Pull each line holding "with" out of the entries below.

***** Records to process

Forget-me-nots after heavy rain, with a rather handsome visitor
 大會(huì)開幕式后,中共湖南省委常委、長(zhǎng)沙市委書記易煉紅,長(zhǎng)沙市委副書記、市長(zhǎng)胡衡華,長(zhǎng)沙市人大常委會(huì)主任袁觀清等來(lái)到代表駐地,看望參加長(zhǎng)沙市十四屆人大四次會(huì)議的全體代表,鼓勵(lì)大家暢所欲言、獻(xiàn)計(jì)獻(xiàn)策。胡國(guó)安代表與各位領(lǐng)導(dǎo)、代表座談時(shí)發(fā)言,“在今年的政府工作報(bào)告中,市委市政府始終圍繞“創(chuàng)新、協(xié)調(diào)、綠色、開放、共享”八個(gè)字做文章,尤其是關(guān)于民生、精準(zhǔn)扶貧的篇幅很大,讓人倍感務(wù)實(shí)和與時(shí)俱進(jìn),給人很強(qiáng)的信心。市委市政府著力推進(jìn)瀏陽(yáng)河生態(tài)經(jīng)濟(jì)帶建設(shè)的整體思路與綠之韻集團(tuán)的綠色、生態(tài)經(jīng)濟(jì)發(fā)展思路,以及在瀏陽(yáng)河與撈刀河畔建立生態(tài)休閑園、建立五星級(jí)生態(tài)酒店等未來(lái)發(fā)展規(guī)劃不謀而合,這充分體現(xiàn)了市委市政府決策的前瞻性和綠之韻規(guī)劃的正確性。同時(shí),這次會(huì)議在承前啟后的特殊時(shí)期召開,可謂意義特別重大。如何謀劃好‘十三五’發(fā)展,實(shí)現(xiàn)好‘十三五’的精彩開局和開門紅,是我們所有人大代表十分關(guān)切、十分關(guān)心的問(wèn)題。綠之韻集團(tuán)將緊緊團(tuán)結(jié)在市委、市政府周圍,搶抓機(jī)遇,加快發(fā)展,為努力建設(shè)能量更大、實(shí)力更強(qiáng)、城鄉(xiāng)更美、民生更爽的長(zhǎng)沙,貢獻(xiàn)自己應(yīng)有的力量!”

**********
***** Records to process

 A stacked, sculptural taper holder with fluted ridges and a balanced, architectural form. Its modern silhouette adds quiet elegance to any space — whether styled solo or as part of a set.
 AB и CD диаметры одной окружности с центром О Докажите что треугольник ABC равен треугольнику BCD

**********

Response:
Forget-me-nots after heavy rain, with a rather handsome visitor
 A stacked, sculptural taper holder with fluted ridges and a balanced, architectural form. Its modern silhouette adds quiet elegance to any space — whether styled solo or as part of a set.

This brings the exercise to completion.